TASK
Print the records below exactly, from the line containing "Can a historical" down to the line containing "Personalise dated cute", both lines included, and omit every picture.

**** AVAILABLE DATA ****

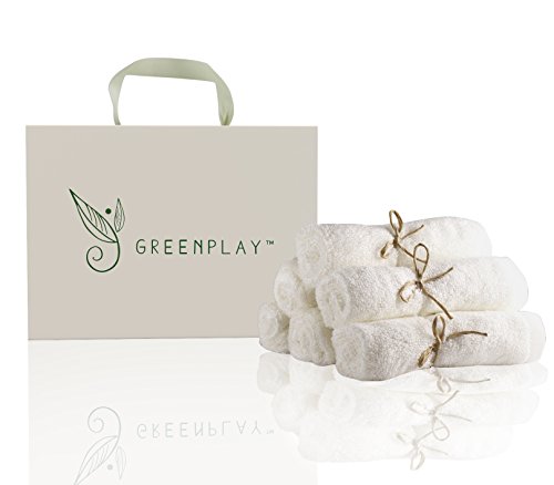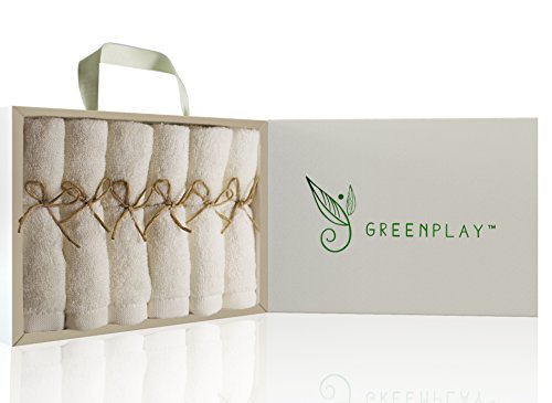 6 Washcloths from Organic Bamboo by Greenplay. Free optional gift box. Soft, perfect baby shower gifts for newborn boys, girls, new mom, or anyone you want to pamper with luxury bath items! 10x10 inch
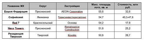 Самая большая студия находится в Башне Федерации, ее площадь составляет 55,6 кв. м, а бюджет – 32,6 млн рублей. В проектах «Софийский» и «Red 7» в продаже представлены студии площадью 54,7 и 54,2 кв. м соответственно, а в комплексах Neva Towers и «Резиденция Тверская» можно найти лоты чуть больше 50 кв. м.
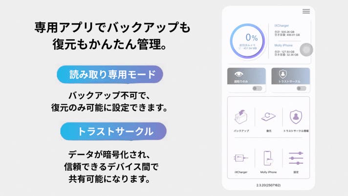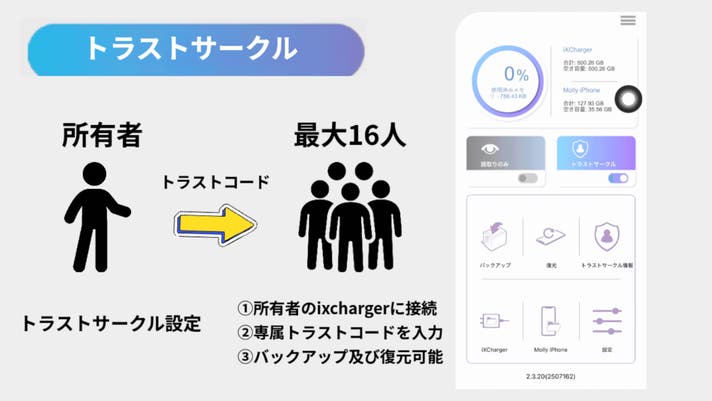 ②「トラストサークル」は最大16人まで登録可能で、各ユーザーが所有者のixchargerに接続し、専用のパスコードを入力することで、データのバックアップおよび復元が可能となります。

****
**** AVAILABLE DATA ****

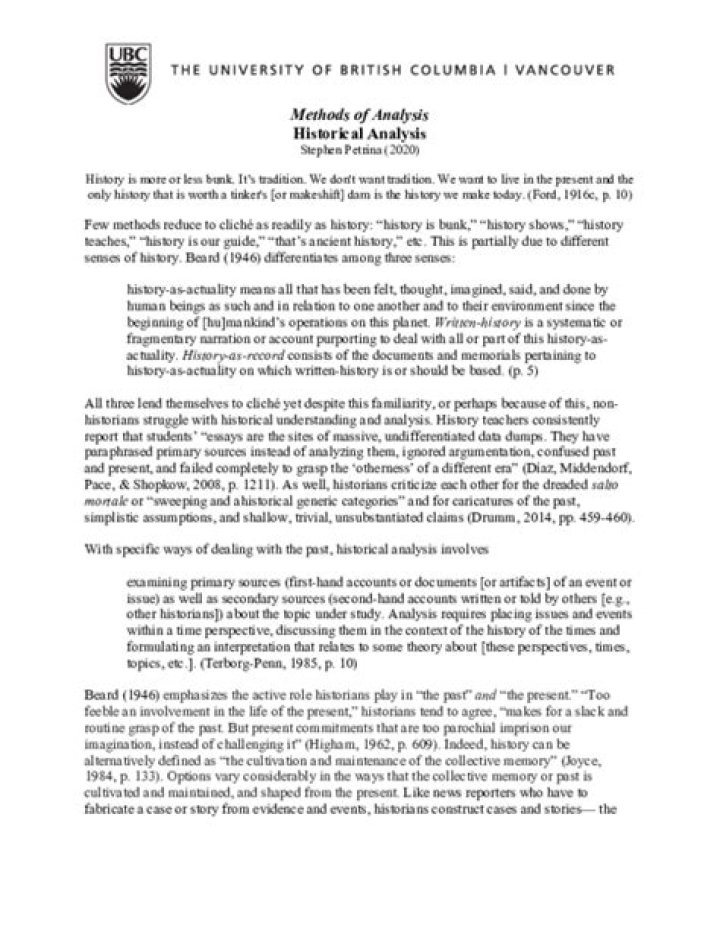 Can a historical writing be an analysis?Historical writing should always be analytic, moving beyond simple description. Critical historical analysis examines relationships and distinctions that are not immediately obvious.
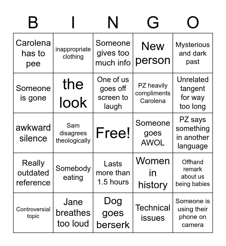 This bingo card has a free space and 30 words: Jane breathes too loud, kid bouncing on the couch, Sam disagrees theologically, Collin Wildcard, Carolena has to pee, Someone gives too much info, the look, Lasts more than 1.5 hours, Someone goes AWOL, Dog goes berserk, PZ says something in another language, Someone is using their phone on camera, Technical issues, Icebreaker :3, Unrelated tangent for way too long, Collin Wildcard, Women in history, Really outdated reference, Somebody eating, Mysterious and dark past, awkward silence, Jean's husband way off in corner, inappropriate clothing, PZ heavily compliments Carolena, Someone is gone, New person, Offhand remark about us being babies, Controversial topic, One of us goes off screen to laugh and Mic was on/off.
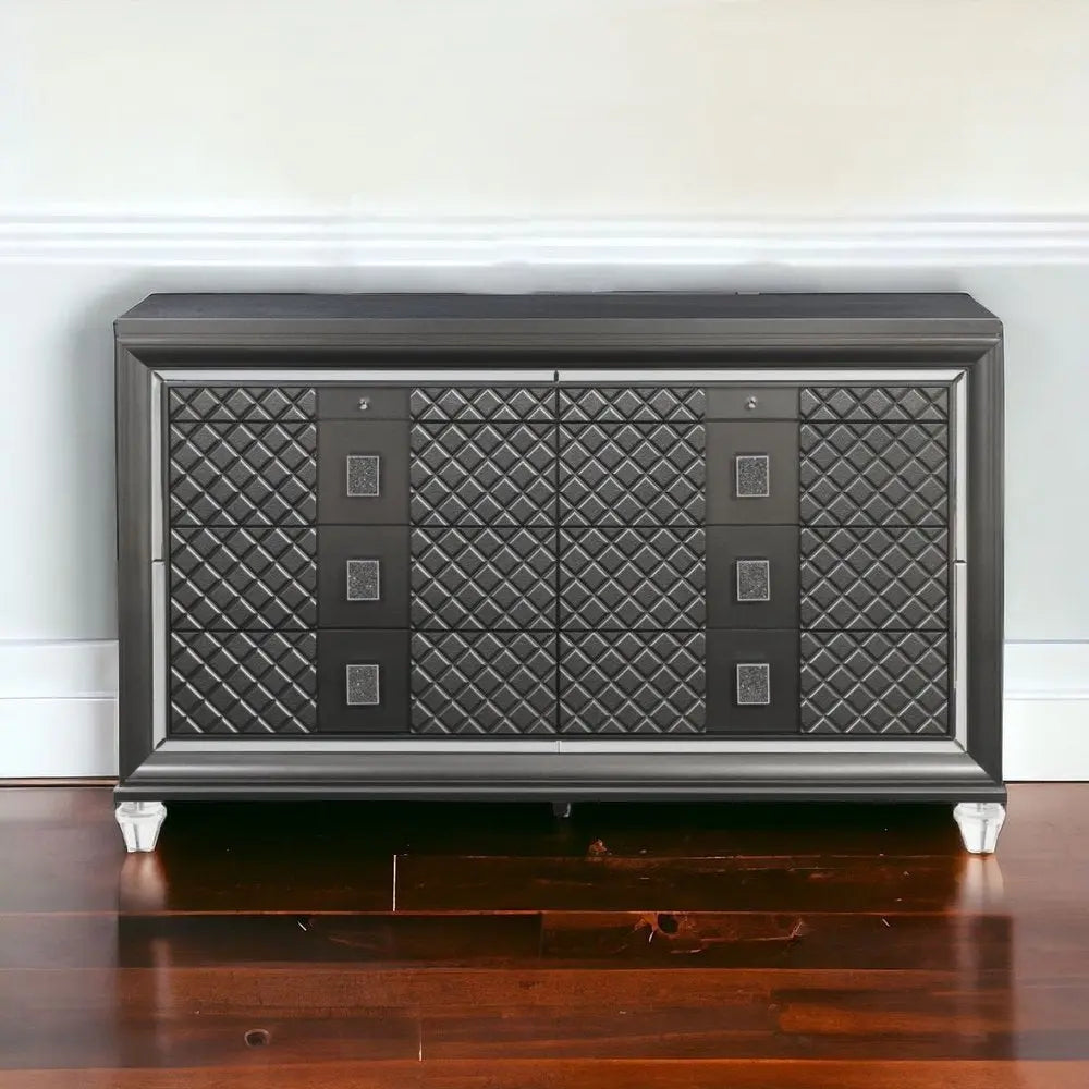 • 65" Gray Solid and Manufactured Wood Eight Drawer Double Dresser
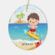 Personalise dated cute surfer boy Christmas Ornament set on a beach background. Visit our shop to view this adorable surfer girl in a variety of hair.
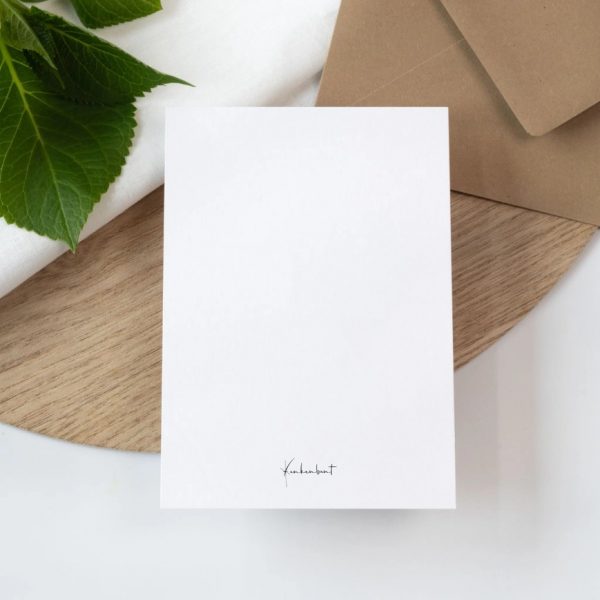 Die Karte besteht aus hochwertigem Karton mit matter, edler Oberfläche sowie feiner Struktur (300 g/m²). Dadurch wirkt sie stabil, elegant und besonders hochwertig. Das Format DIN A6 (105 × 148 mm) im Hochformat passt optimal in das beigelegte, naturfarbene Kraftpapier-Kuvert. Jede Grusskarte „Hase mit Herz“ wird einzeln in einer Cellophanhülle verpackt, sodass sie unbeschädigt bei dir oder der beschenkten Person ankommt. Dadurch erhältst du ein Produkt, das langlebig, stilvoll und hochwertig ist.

****
**** AVAILABLE DATA ****

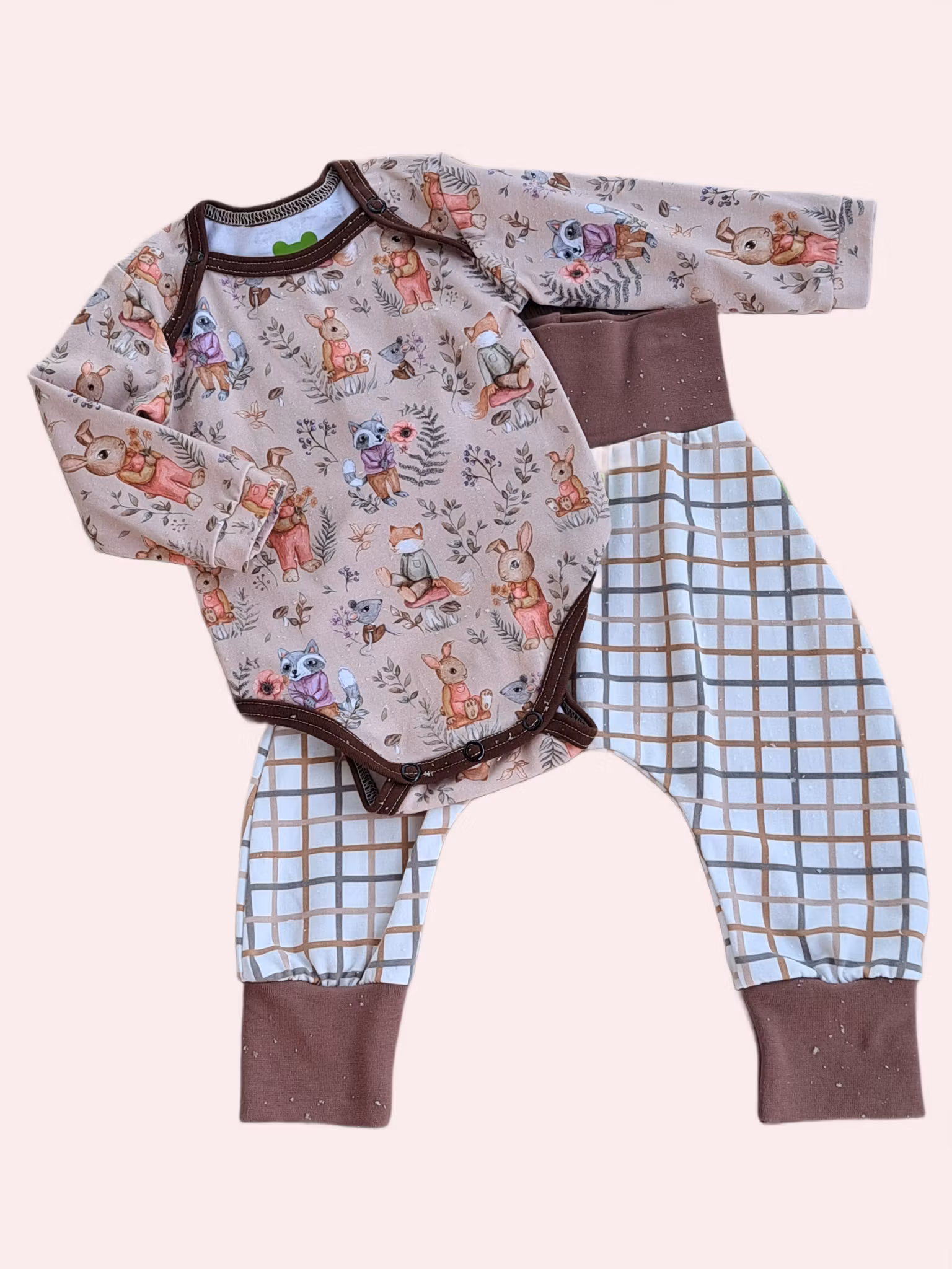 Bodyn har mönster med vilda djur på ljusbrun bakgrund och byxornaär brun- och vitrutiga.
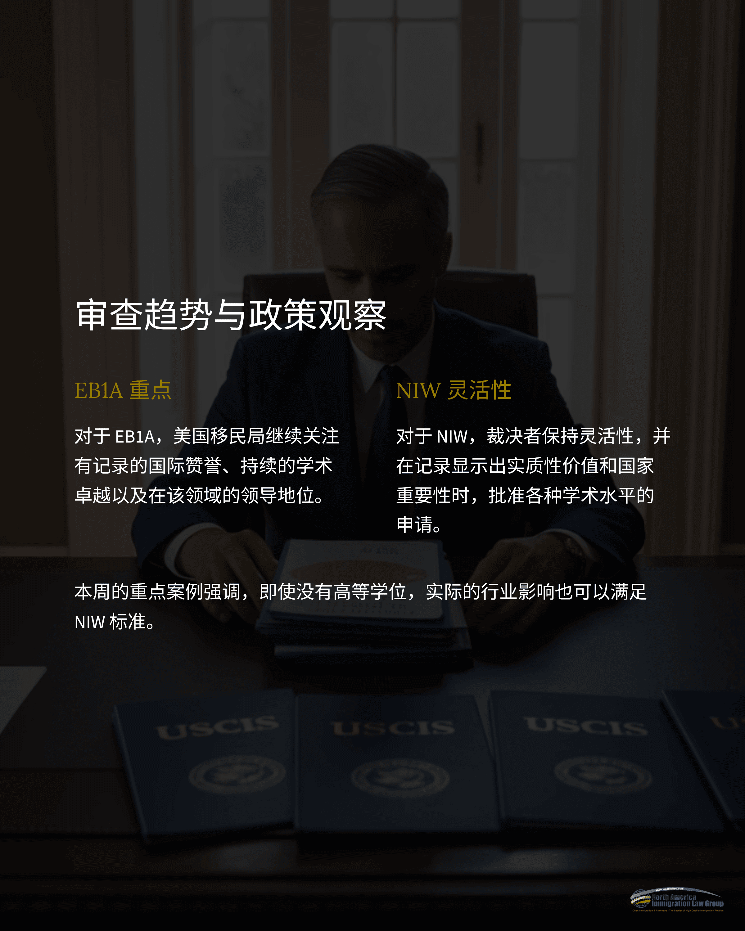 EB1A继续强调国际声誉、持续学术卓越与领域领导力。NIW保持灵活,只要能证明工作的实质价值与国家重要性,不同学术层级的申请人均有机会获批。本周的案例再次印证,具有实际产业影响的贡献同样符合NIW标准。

****

EXPECTED OUTPUT
 Can a historical writing be an analysis?Historical writing should always be analytic, moving beyond simple description. Critical historical analysis examines relationships and distinctions that are not immediately obvious.
 This bingo card has a free space and 30 words: Jane breathes too loud, kid bouncing on the couch, Sam disagrees theologically, Collin Wildcard, Carolena has to pee, Someone gives too much info, the look, Lasts more than 1.5 hours, Someone goes AWOL, Dog goes berserk, PZ says something in another language, Someone is using their phone on camera, Technical issues, Icebreaker :3, Unrelated tangent for way too long, Collin Wildcard, Women in history, Really outdated reference, Somebody eating, Mysterious and dark past, awkward silence, Jean's husband way off in corner, inappropriate clothing, PZ heavily compliments Carolena, Someone is gone, New person, Offhand remark about us being babies, Controversial topic, One of us goes off screen to laugh and Mic was on/off.
 • 65" Gray Solid and Manufactured Wood Eight Drawer Double Dresser
 Personalise dated cute surfer boy Christmas Ornament set on a beach background. Visit our shop to view this adorable surfer girl in a variety of hair.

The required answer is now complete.